(The input)

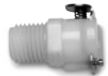
1/4" NPT带单向阀的配对接头
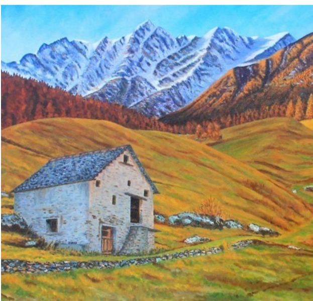
Scorcio autunnale del villaggio Simplon Dorf in Svizzera
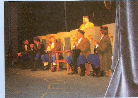
„Detići“ u Istočnom Novom Sarajevu

Nikšića, Beograda i Istočnog Novog Sarajeva. Režiser će, najverovatnije, biti iz Crne Gore, tekstopisac iz Beograda, pomoćnik reditelja iz Banja Luke, a scenograf iz Podgorice. Predstavu ćemo koncipirati tako da se može igrati na svim scenama. Premijera bi trebalo da bude na sljedećem Festivalu u Istočnom Novom Sarajevu. Ja sam, inače, pristalica ko-produkcijskih predstava i razmjene programa. Mi imamo izvanrednu saradnju sa pozorištima Kraljeva, Kruševca, Užica, „Slavija teatrom“, sa Ateljeom 212, Narodnim pozorištem iz Banja Luke i Novog Sada“, rekao je Zelenović za „Pozorište“.
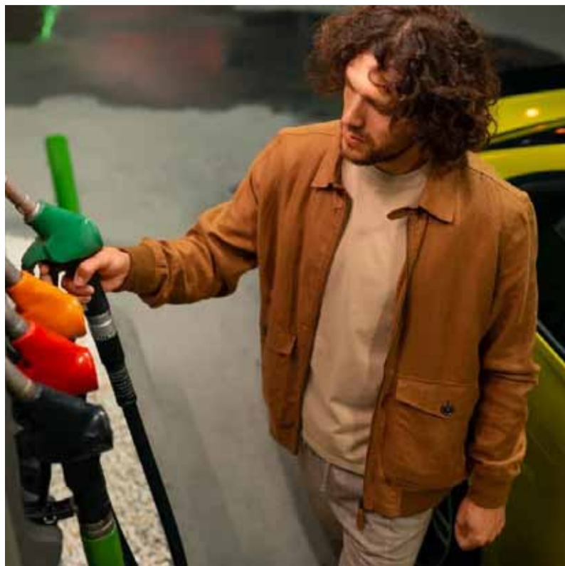
Autodespacho. Será realidad en las estaciones argentinas

El ministro de Desregulación y Transformación del Estado de la Nación Argentina, Federico Sturzenegger, dijo hoy que el Gobierno publicará una nueva normativa para permitir el autodespacho de combustible en estaciones de servicio.

(End The input)

» Your objective
Your output is the lines from the top of the entries through the line containing "Nikšića, Beograda i", exactly as they stand. No pictures belong in it.

» Response to the exercise
1/4" NPT带单向阀的配对接头
Scorcio autunnale del villaggio Simplon Dorf in Svizzera
„Detići“ u Istočnom Novom Sarajevu

Nikšića, Beograda i Istočnog Novog Sarajeva. Režiser će, najverovatnije, biti iz Crne Gore, tekstopisac iz Beograda, pomoćnik reditelja iz Banja Luke, a scenograf iz Podgorice. Predstavu ćemo koncipirati tako da se može igrati na svim scenama. Premijera bi trebalo da bude na sljedećem Festivalu u Istočnom Novom Sarajevu. Ja sam, inače, pristalica ko-produkcijskih predstava i razmjene programa. Mi imamo izvanrednu saradnju sa pozorištima Kraljeva, Kruševca, Užica, „Slavija teatrom“, sa Ateljeom 212, Narodnim pozorištem iz Banja Luke i Novog Sada“, rekao je Zelenović za „Pozorište“.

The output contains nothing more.